The task force will, however, recommend some changes to Canon III, among them a new section dealing with the sacramental ministry of the primate.
Bishop Ingham noted that since the primacy has no geographic jurisdiction, the primate has no specific sacramental function in terms of confirmation and baptism except by invitation of diocesan bishops. The proposed section retains the jurisdictional authority of diocesan bishops, but there is an “expectation” that they will extend an invitation for the primate to offer the sacraments of Eucharist, baptism, confirmation and ordination during pastoral visits across the church, he explained.
It is also being proposed that the primate have a “visible role” in the consecration of newly-elected bishops of the Anglican Church of Canada, and acts as chief consecrator of the National Indigenous Anglican bishop and the Bishop Ordinary to the Armed Forces.

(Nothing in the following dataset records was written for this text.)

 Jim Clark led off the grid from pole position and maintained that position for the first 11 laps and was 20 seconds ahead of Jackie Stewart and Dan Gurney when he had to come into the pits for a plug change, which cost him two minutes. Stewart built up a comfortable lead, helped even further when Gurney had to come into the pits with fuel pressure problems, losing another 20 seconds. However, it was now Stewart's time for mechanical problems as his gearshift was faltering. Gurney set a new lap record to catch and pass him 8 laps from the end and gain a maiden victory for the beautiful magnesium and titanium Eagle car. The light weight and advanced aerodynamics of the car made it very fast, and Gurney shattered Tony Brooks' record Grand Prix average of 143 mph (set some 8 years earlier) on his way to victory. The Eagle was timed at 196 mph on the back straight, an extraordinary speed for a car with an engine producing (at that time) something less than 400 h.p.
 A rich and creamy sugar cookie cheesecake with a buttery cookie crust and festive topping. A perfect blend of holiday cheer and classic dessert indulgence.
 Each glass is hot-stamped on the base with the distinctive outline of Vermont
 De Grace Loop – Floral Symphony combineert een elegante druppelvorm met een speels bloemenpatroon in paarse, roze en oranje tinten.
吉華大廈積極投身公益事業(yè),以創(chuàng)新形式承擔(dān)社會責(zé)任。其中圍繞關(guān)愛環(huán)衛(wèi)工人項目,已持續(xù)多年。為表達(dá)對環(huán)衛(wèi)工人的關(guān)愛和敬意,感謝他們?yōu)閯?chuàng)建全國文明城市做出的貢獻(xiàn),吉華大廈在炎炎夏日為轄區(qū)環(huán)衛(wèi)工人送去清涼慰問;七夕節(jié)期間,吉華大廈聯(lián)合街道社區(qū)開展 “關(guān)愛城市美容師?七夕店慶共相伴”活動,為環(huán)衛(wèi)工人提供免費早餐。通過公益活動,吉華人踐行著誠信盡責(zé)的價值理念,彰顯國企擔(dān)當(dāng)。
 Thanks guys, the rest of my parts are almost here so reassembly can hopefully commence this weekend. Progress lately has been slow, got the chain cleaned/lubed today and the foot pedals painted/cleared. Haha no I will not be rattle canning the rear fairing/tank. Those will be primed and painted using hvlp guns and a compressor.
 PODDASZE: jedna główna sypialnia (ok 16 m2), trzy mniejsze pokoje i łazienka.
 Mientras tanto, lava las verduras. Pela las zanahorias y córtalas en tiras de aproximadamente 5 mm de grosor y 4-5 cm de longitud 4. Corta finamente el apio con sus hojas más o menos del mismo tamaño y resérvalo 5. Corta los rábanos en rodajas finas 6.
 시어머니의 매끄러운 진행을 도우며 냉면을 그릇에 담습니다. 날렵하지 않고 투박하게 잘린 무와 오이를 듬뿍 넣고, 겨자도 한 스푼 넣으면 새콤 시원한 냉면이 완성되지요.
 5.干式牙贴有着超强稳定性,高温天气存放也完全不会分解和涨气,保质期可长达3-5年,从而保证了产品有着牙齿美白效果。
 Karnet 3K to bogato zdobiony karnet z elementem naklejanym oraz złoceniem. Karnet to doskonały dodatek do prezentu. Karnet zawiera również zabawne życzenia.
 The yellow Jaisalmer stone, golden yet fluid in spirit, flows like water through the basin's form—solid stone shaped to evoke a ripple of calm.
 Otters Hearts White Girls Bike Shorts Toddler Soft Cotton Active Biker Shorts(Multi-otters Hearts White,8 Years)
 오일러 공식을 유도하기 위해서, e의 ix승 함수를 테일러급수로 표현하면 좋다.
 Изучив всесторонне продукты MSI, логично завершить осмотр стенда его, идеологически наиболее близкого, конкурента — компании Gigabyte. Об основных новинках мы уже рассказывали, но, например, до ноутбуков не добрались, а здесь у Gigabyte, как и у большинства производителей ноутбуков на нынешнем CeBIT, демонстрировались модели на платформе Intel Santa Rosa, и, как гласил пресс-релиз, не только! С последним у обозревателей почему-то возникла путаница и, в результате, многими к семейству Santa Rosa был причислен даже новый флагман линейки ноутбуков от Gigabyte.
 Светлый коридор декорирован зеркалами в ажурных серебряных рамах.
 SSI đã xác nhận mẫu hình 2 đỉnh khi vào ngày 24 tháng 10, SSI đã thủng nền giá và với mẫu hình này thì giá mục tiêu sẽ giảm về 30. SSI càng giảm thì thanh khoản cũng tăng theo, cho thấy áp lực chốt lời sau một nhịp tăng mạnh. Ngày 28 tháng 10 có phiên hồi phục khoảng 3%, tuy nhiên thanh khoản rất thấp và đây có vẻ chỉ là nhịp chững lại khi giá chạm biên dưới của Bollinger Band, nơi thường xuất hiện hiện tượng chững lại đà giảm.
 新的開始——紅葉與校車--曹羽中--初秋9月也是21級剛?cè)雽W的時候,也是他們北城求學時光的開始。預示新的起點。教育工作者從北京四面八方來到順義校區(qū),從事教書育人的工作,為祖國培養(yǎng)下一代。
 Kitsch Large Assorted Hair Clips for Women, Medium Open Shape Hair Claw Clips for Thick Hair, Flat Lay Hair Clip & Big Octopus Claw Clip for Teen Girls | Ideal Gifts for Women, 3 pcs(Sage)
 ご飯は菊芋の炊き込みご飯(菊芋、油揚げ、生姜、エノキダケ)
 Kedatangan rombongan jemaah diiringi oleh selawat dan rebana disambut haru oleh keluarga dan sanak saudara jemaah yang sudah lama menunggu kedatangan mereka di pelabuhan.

The task force will also recommend that it be part of the primate’s ministry to “speak and write prophetically” to the Anglican Church of Canada, and on behalf of the church, to the world, and that this be done in consultation with other leaders and governing bodies of the church.
“There’s a strong sense that the church wants to empower the primate to write and speak prophetically rather than just exercise pastoral leadership” in the church, said Bishop Ingham. This was in response to questions raised by the task force as to what sort of leadership is needed to enable the mission of the church.